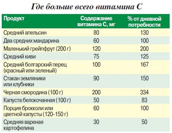Давайте посмотрим на кислый лимон трезвым взглядом. Витамина С, или аскорбиновой кислоты, в лимоне вопреки всеобщему заблуждению не так уж и много. Сравните: в небольшом апельсине содержится дневная норма этого витамина - 60 мг, а в таком же лимоне аскорбинки на треть меньше - всего 40 мг. Но и это не все. Если 1-2 апельсина мы съедаем запросто и с удовольствием, то целый лимон могут съесть лишь мазохисты. Обычная доза лимона - 1-2 дольки в чай. А в одной дольке лишь 3-5% от дневной потребности в аскорбиновой кислоте, и значительную часть этого витамина вы еще убьете горячим чаем. Так что в нашем питании лимон не столько кладезь витамина С, сколько хорошая вкусовая приправа. Но не расстраивайтесь, этот витамин - один из самых недефицитных. Есть куча даров природы, которые обеспечат вам его дневную норму с лихвой (см. таблицу).
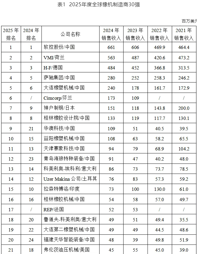 表1 2025年度全球橡機(jī)制造商30強(qiáng)
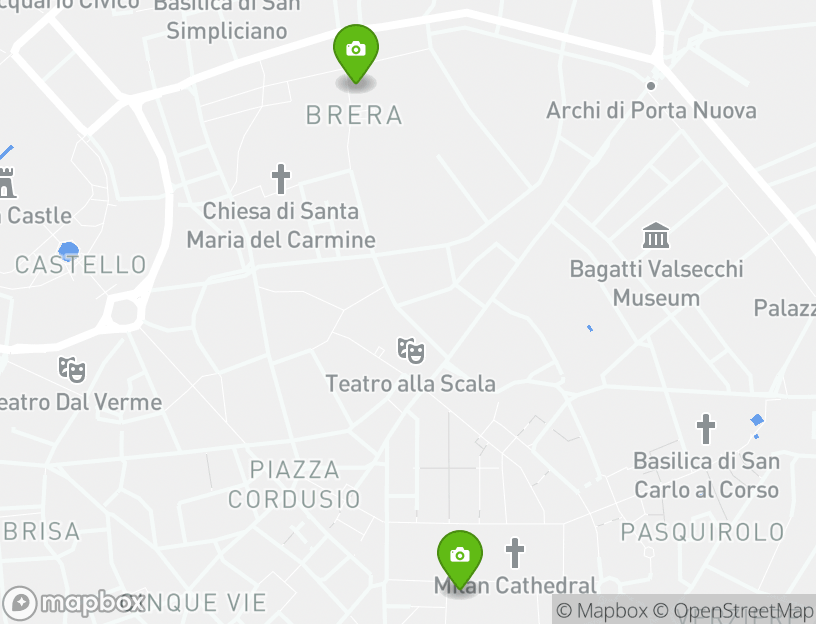 The itinerary includes stops at popular attractions such as Brera Art Gallery (Pinacoteca di Brera), Ambrosiana Museum and Library (Veneranda Biblioteca Ambrosiana), and Museo del Novecento.
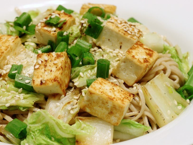 Тофу, известный также как «соевый творог», получается сбраживанием белка, содержащегося в семенах сои – растения семейства бобовых. Для этого их превращают в однородную массу, которая замачивается водой, варится, процеживается и остужается. После добавления хлорида магния, лимонной кислоты или просто морской воды белок свертывается. Конечный продукт прессуется. Он имеет белый цвет и напоминает по плотности мягкий сыр или творог. Тофу едят свежим, жареным, вареным, делают из него лапшу, используют в качестве начинки в пирогах и изготавливают из него многие другие блюда.
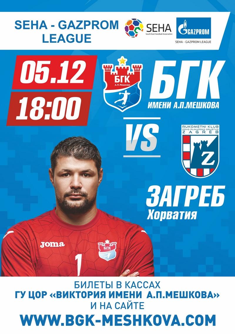 Матч SEHA-лиги против хорватского «Загреба» БГК им. Мешкова проведет во Дворце спорта «Виктория» 5 декабря в 18.00.
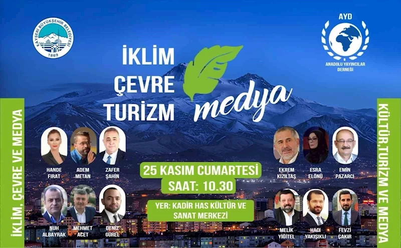 Büyükşehir Belediyesi destekleri ile 25 Kasım Cumartesi günü saat 10.30’da Kadir Has Kültür ve Sanat Merkezi’nde gerçekleşecek konferansta birbirinden ünlü gazeteci yazarlar konuk olacak. Çevre, Şehircilik ve İklim Değişikliği Bakanı Mehmet Özhaseki’nin de konferansta bakanlık çalışmalarıyla ilgili değerlendirmelerde bulunması bekleniyor. Gazeteci yazarlardan Hande Fırat, Adem Metan, Zafer Şahin, Nuh Albayrak, Mehmet Acet ve Deniz Gürel’in iklim ve çevre konularını medya düşüncesiyle ele alacağı konferansta, Ekrem Kızıltaş, Esra Elönü, Emin Pazarcı, Melik Yiğitel, Hacı Yakışıklı ve Fevzi Çakır da kültür ve turizm konularını medya düşüncesi ve Kayseri istikametinde masaya yatıracak.
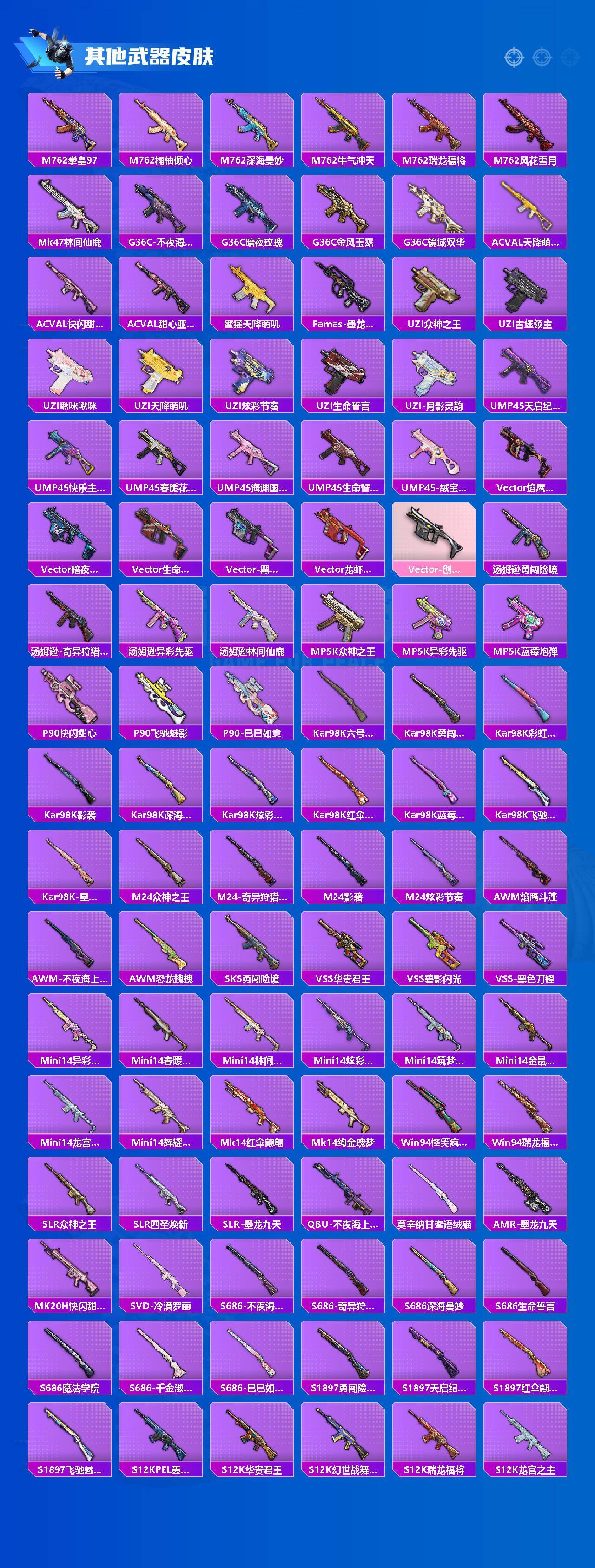 1神装-25粉装-13特效枪-6载具-11粉色飞行器-120028热力值-9王牌印记-236套装-288枪皮
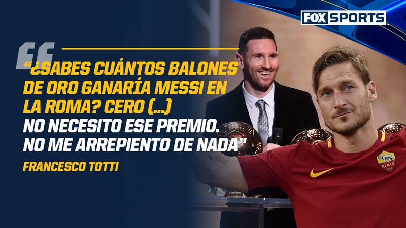 En una entrevista con el podcast Viva el Futbol, Totti expresó: “Pon a Messi durante 25 años en la Roma; 25 años y dime cuántos Balones de Oro ganaría. ¿Ganaría diez Balones de Oro? ¿Sabes cuántos ganaría? Cero“.

* [The task] Please reproduce the records above exactly, omitting every picture.

* [Exercise solution]
Давайте посмотрим на кислый лимон трезвым взглядом. Витамина С, или аскорбиновой кислоты, в лимоне вопреки всеобщему заблуждению не так уж и много. Сравните: в небольшом апельсине содержится дневная норма этого витамина - 60 мг, а в таком же лимоне аскорбинки на треть меньше - всего 40 мг. Но и это не все. Если 1-2 апельсина мы съедаем запросто и с удовольствием, то целый лимон могут съесть лишь мазохисты. Обычная доза лимона - 1-2 дольки в чай. А в одной дольке лишь 3-5% от дневной потребности в аскорбиновой кислоте, и значительную часть этого витамина вы еще убьете горячим чаем. Так что в нашем питании лимон не столько кладезь витамина С, сколько хорошая вкусовая приправа. Но не расстраивайтесь, этот витамин - один из самых недефицитных. Есть куча даров природы, которые обеспечат вам его дневную норму с лихвой (см. таблицу).
 表1 2025年度全球橡機(jī)制造商30強(qiáng)
 The itinerary includes stops at popular attractions such as Brera Art Gallery (Pinacoteca di Brera), Ambrosiana Museum and Library (Veneranda Biblioteca Ambrosiana), and Museo del Novecento.
 Тофу, известный также как «соевый творог», получается сбраживанием белка, содержащегося в семенах сои – растения семейства бобовых. Для этого их превращают в однородную массу, которая замачивается водой, варится, процеживается и остужается. После добавления хлорида магния, лимонной кислоты или просто морской воды белок свертывается. Конечный продукт прессуется. Он имеет белый цвет и напоминает по плотности мягкий сыр или творог. Тофу едят свежим, жареным, вареным, делают из него лапшу, используют в качестве начинки в пирогах и изготавливают из него многие другие блюда.
 Матч SEHA-лиги против хорватского «Загреба» БГК им. Мешкова проведет во Дворце спорта «Виктория» 5 декабря в 18.00.
 Büyükşehir Belediyesi destekleri ile 25 Kasım Cumartesi günü saat 10.30’da Kadir Has Kültür ve Sanat Merkezi’nde gerçekleşecek konferansta birbirinden ünlü gazeteci yazarlar konuk olacak. Çevre, Şehircilik ve İklim Değişikliği Bakanı Mehmet Özhaseki’nin de konferansta bakanlık çalışmalarıyla ilgili değerlendirmelerde bulunması bekleniyor. Gazeteci yazarlardan Hande Fırat, Adem Metan, Zafer Şahin, Nuh Albayrak, Mehmet Acet ve Deniz Gürel’in iklim ve çevre konularını medya düşüncesiyle ele alacağı konferansta, Ekrem Kızıltaş, Esra Elönü, Emin Pazarcı, Melik Yiğitel, Hacı Yakışıklı ve Fevzi Çakır da kültür ve turizm konularını medya düşüncesi ve Kayseri istikametinde masaya yatıracak.
 1神装-25粉装-13特效枪-6载具-11粉色飞行器-120028热力值-9王牌印记-236套装-288枪皮
 En una entrevista con el podcast Viva el Futbol, Totti expresó: “Pon a Messi durante 25 años en la Roma; 25 años y dime cuántos Balones de Oro ganaría. ¿Ganaría diez Balones de Oro? ¿Sabes cuántos ganaría? Cero“.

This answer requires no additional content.